*** INPUT DATA

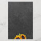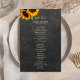 Menu Elegante de recepção de casamento rústica com um belo buquê de girassóis sobre fundo do quadro negro de cinzas. Ideal para o seu verão ou outono caem num elegante jardim russo do campo ao ar livre casamentos temáticos.
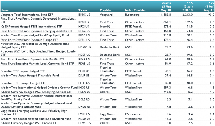 Currency Hedged ETF and ETP asset growth as at end of May 2018: US
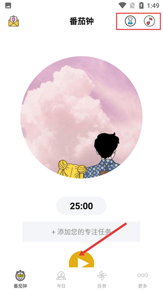 1、在番茄鐘主界面,點擊底部播放按鈕,彈出“請選擇今日任務(wù)”的選擇彈窗,界面顯示計時25:00及添加專注任務(wù)的提示。
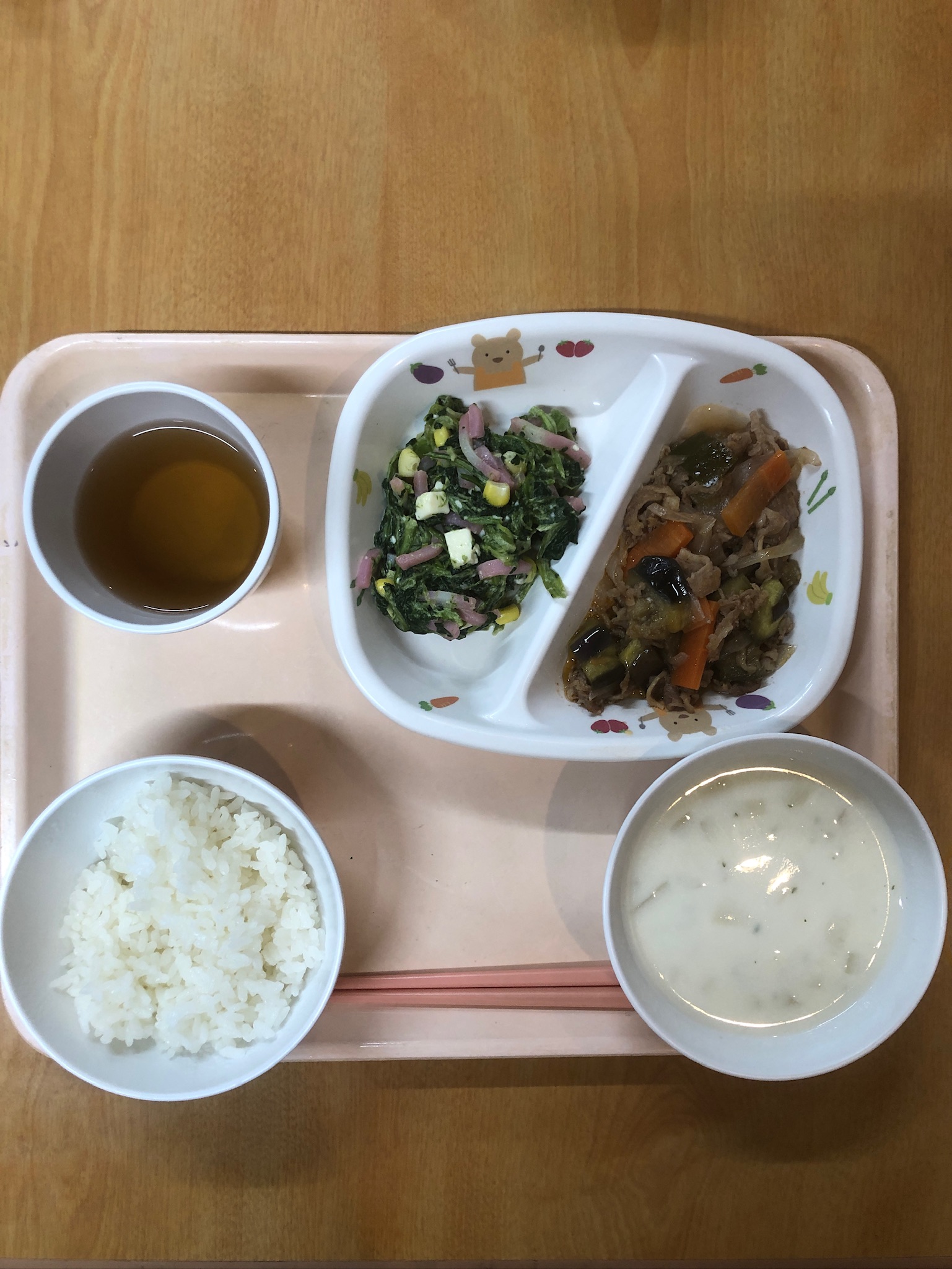ご飯、牛肉とナスのケチャップ炒め、ポパイサラダ、ポタージュスープ

******

◆ PROBLEM DESCRIPTION ◆
The required output is every line from the one containing "Currency Hedged ETF" through the last line of the data above, restated exactly and without pictures.

◆ RESULT FOR THIS EXERCISE ◆
 Currency Hedged ETF and ETP asset growth as at end of May 2018: US
 1、在番茄鐘主界面,點擊底部播放按鈕,彈出“請選擇今日任務(wù)”的選擇彈窗,界面顯示計時25:00及添加專注任務(wù)的提示。
ご飯、牛肉とナスのケチャップ炒め、ポパイサラダ、ポタージュスープ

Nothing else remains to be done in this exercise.